В окончании прошлой части, я сказал, что в небольшом промежутке бумаги, намерен помянуть о многом. Действительно — так и вышло. Я ничего не скажу о путешествии через Казад-Дум, и в объяснении этого приведу только слова Фалко, которые были сказаны в предрассветный, апрельский час на дороге:
— Чувствуешь, чувствуешь ли, друг Хэм, как здесь все мило… Ах, какая же прелестная эта ночь! Ты ведь чувствуешь: воздух здесь такой особенный, какого нигде, нигде, даже в эльфийских садах, даже, уверен, в самом Валиноре нет! Он обнимает, он ласкает этой тьмою мягкой, он врачует… Смотри, смотри — это же Ижевичный овраг — совсем не изменился, будто и не уходил отсюда, будто и не было ничего… А, может, и правда ничего не было… может — все дурной сон? Вот сделаю еще несколько шагов и… Даже и не верится — Холмищи увижу. Быстрее-быстрее, Хэм, друг ты мой милый! Ну, скажи, что — это был сон, что нам сейчас по двадцать, что вся жизнь впереди, и не было никаких драконов, и никаких орков, и никаких воронов…

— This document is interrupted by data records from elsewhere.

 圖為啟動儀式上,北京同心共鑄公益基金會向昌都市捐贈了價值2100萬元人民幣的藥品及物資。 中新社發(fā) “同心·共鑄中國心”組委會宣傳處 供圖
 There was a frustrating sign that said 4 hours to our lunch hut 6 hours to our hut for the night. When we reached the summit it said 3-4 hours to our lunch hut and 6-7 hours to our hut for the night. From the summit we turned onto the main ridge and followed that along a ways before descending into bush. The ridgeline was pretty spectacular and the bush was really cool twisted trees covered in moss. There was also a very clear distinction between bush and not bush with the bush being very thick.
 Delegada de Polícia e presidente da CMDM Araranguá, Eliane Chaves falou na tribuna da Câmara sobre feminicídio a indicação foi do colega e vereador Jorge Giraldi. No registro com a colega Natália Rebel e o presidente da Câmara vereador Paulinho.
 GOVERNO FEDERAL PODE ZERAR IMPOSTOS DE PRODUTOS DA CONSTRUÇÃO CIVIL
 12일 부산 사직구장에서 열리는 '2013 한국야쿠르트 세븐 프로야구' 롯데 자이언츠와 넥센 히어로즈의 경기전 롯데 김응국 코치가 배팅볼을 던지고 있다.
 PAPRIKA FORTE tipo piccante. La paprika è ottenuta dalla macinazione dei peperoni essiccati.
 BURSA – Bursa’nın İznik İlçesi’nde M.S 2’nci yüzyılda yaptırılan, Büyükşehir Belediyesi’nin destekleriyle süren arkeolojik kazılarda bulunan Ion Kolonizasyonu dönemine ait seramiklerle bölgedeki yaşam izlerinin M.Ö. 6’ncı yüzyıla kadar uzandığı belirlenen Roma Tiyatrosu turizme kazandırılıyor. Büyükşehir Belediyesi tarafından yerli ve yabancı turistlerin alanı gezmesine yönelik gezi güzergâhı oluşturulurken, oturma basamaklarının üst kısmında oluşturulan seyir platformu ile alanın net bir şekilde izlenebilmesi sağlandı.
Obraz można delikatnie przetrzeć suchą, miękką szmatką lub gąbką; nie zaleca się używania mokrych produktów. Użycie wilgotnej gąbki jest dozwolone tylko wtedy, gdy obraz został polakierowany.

И стоило ему помянуть про ворона, как безмятежный, но, вместе с тем, и трепетный покой апрельской ночи, словно резкий удар кнута расколол вороний крик — правда пришел он издали, и тут же смолк, и сомкнула эту заставившую их вздрогнуть рану, безграничная ночь. Звезды мягко сияли над их головами, Млечный путь тянулся через невообразимый простор, сиял мельчайшей, ласкающей взгляд, светящейся пылью звезд, так же как и сорок лет назад, и, глядя на это спокойствие, на тысячелетнюю неизменность, действительно казалось, что все страсти, которые вихрили их в течении всех последних лет, были не больше, чем дурной сон.
И, после крика ворона, они остановились, и несколько минут, без всякого движенья, зачарованные, созерцали эту бездну, и только их прерывистое дыханье выдавало, что они, все-таки, живые, а не изваяния.
— Ну, пойдем, пойдем — скорее… Уже скоро! — прерывающимся голосом выдохнул Фалко.
— А, все-таки, промелькнули эти сорок лет… — тяжело вздохнул Хэм. — Дают о себе знать. Верно говорят: старость не младость, и не побегаем мы так, как в двадцать лет бегали… Итак мы всю ночь в дороге, итак в прошлый день только на несколько минут остановились, и все-то вперед, и вперед. Не знаешь ты отдыха, друг Фалко, и я понимаю… Побыстрей бы увидеть.